(Information provided Opens)

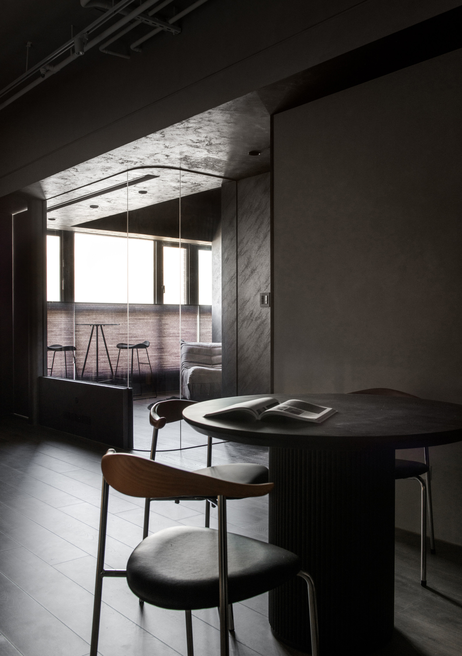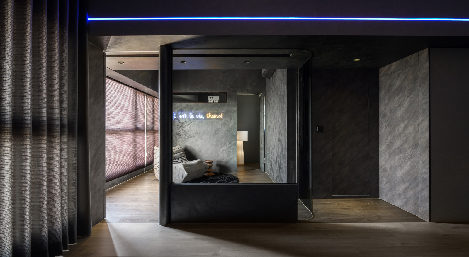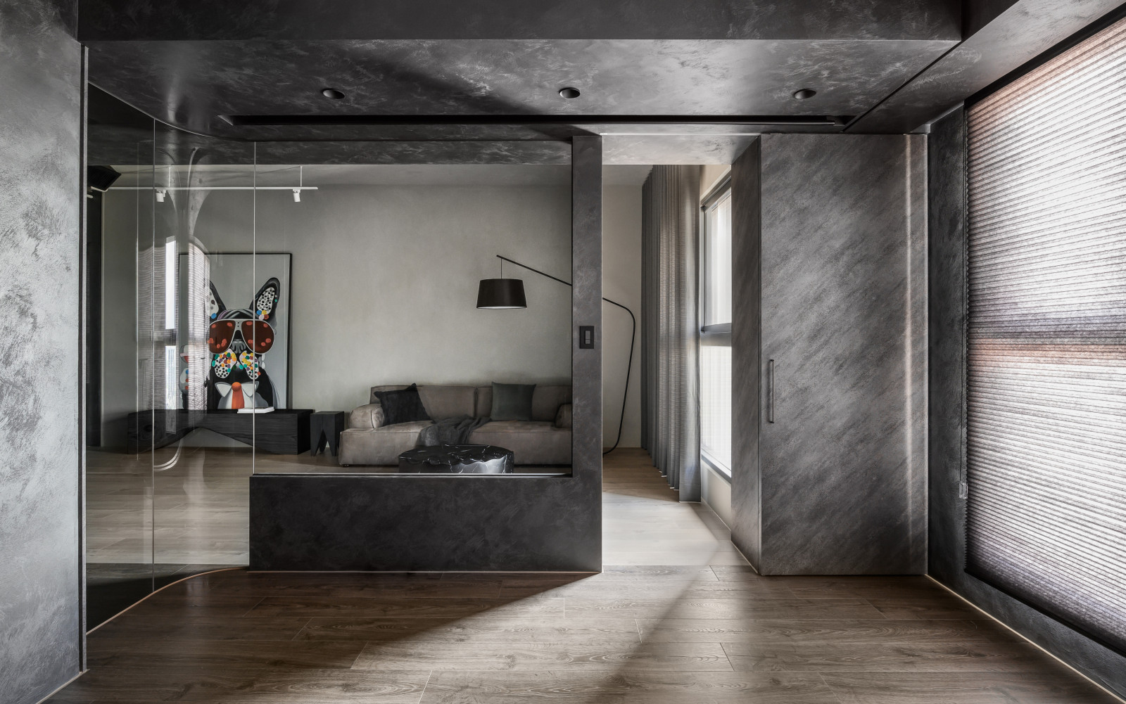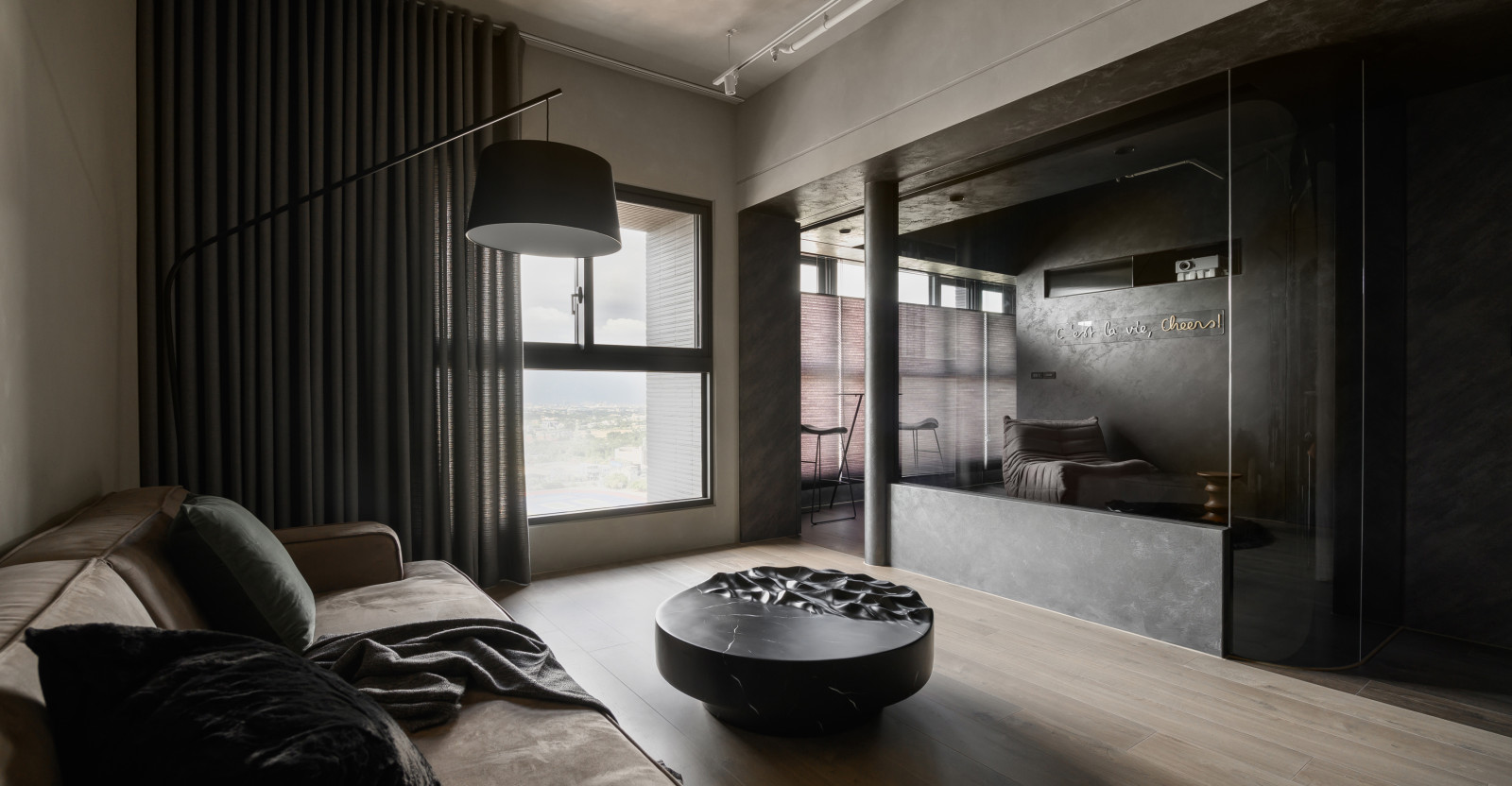 一個人的生活空間,意味著彈性與自由。屋主喜歡科技為生活帶來的娛樂與便利性,同時期待在頂樓公寓,凌駕城市天際線遼闊景觀,手握酒杯,品味人生。室內格局順應既有結構,並圍繞屋主需求進行劃分,除主臥室之外,多功能視聽娛樂室整合更衣間,化解採光面原有畸零,且閒置的牆角;公領域運用開放式設計延展空間感;玄關的長向走道,亦是注入充足收納櫃體。藉此,讓每處空間適得其所,以機能成就流暢的生活動線。陰翳洗鍊的玄關盡頭,銜接著日光端景。洗灰石特殊塗料佈局了空間,其中性的米灰色調,斑駁的藝術質感,陳述起都會男子的生活風格,是於沈穩中,蘊藏自主意識。玄關的長向走廊,是住宅核心的入口,左側利用整面櫃體收納偌大鞋量與物品,並在尾端做斜面修飾,結合右側灰鏡的反射,與重點式光源設計,使廊道更為開闊。客廳與餐廳、廚房、吧台連貫,一旁的多功能視聽娛樂室以曲面玻璃為隔間,最大限度地導入日光與景觀視野,小酌品酒時,與景相伴,為美好人生敬一杯!曲面玻璃後的多功能視聽娛樂室,體現出男主人的興趣,專業級放映投影機與音響,配合專業技師的安排,構築符合此隅空間的音場設計,配上屋主自己手寫的「Cest La Vie, Cheers!」霓虹燈,讓這座頂樓公寓,擁有城市天際線最具規格的視聽饗宴。由於住宅空間位居頂樓,天花板梁位突兀,結合窗簾盒與溝縫作平行設計,使部分管線能夠穿透,而裸露的管線亦整合投射燈軌道為線性語彙,引領規律的空間節奏,在夜晚點開情境式的星光燈,消弭了視覺凌亂,構築了專屬都會生活的簡練質感。| 桃園室內設計 | 空間規劃 客變設計 | 新成屋設計 |
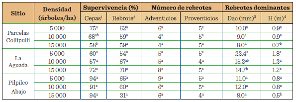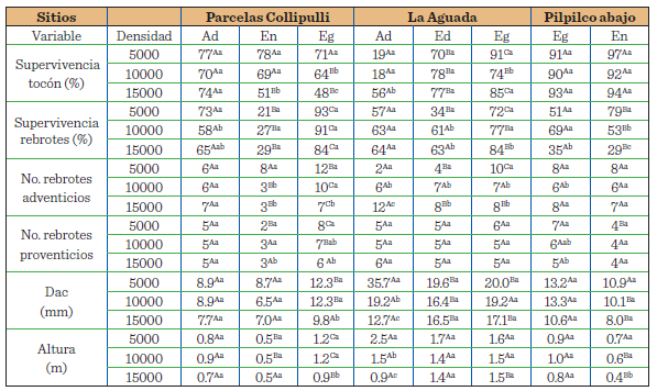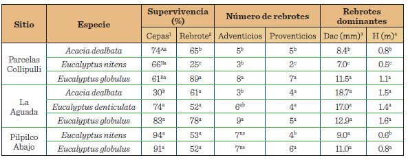 Por otra parte, en el sitio Parcelas Collipulli, la especie Eucalyptus globulus presentó la mayor tasa de supervivencia del rebrote (89 %) en las tres densidades, a partir de los tocones obtenidos de los árboles cosechados a los dos años, que le permitió superar de forma significativa a Eucalyptus nitens y Acacia dealbata, con 25 % y 65 %, respectivamente (Tabla 2). En los otros dos sitios, todas las especies incluidas en el estudio presentaron valores estadísticamente iguales para la proporción de tocones que mostraron rebrotes, con valores entre 52 % y 78 %.
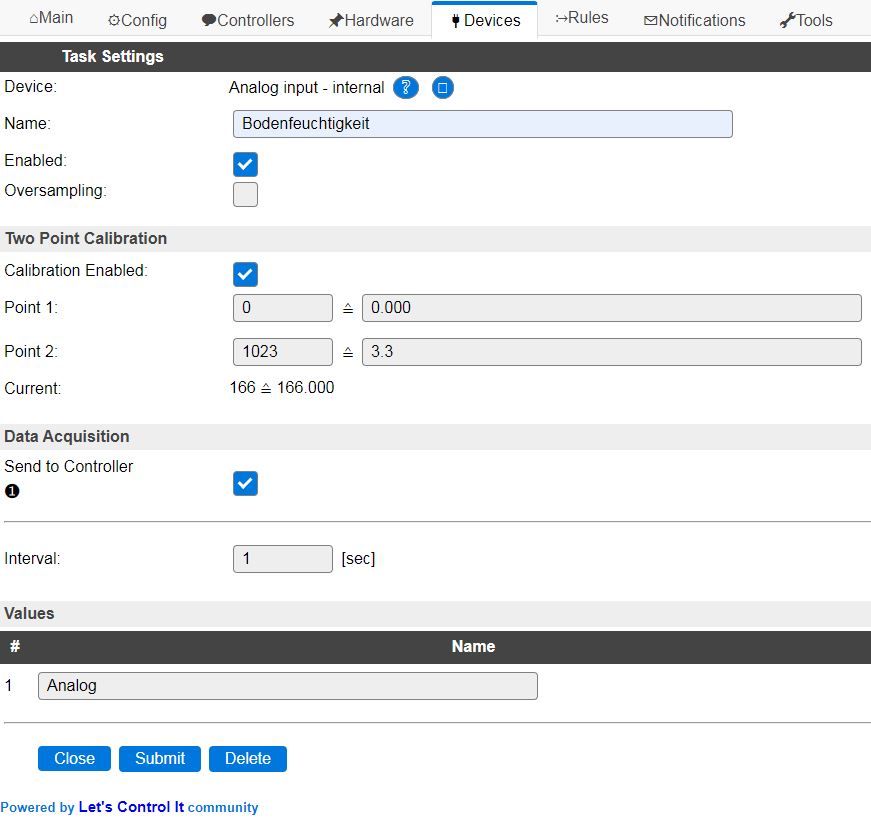Der interne ADC wird über ESP Easy mit dem Device Analog input – internal ausgelesen. Mithilfe einer Zwei-Punkt Kalibrierung wird jedem Bit-Wert der passende Spannungswert zugeordnet.

(Information provided Closes)

*Task instructions*: Before writing out the material above, please remove its pictures; everything else stays exact.

*Result below*:
 一個人的生活空間,意味著彈性與自由。屋主喜歡科技為生活帶來的娛樂與便利性,同時期待在頂樓公寓,凌駕城市天際線遼闊景觀,手握酒杯,品味人生。室內格局順應既有結構,並圍繞屋主需求進行劃分,除主臥室之外,多功能視聽娛樂室整合更衣間,化解採光面原有畸零,且閒置的牆角;公領域運用開放式設計延展空間感;玄關的長向走道,亦是注入充足收納櫃體。藉此,讓每處空間適得其所,以機能成就流暢的生活動線。陰翳洗鍊的玄關盡頭,銜接著日光端景。洗灰石特殊塗料佈局了空間,其中性的米灰色調,斑駁的藝術質感,陳述起都會男子的生活風格,是於沈穩中,蘊藏自主意識。玄關的長向走廊,是住宅核心的入口,左側利用整面櫃體收納偌大鞋量與物品,並在尾端做斜面修飾,結合右側灰鏡的反射,與重點式光源設計,使廊道更為開闊。客廳與餐廳、廚房、吧台連貫,一旁的多功能視聽娛樂室以曲面玻璃為隔間,最大限度地導入日光與景觀視野,小酌品酒時,與景相伴,為美好人生敬一杯!曲面玻璃後的多功能視聽娛樂室,體現出男主人的興趣,專業級放映投影機與音響,配合專業技師的安排,構築符合此隅空間的音場設計,配上屋主自己手寫的「Cest La Vie, Cheers!」霓虹燈,讓這座頂樓公寓,擁有城市天際線最具規格的視聽饗宴。由於住宅空間位居頂樓,天花板梁位突兀,結合窗簾盒與溝縫作平行設計,使部分管線能夠穿透,而裸露的管線亦整合投射燈軌道為線性語彙,引領規律的空間節奏,在夜晚點開情境式的星光燈,消弭了視覺凌亂,構築了專屬都會生活的簡練質感。| 桃園室內設計 | 空間規劃 客變設計 | 新成屋設計 |
 Por otra parte, en el sitio Parcelas Collipulli, la especie Eucalyptus globulus presentó la mayor tasa de supervivencia del rebrote (89 %) en las tres densidades, a partir de los tocones obtenidos de los árboles cosechados a los dos años, que le permitió superar de forma significativa a Eucalyptus nitens y Acacia dealbata, con 25 % y 65 %, respectivamente (Tabla 2). En los otros dos sitios, todas las especies incluidas en el estudio presentaron valores estadísticamente iguales para la proporción de tocones que mostraron rebrotes, con valores entre 52 % y 78 %.
Der interne ADC wird über ESP Easy mit dem Device Analog input – internal ausgelesen. Mithilfe einer Zwei-Punkt Kalibrierung wird jedem Bit-Wert der passende Spannungswert zugeordnet.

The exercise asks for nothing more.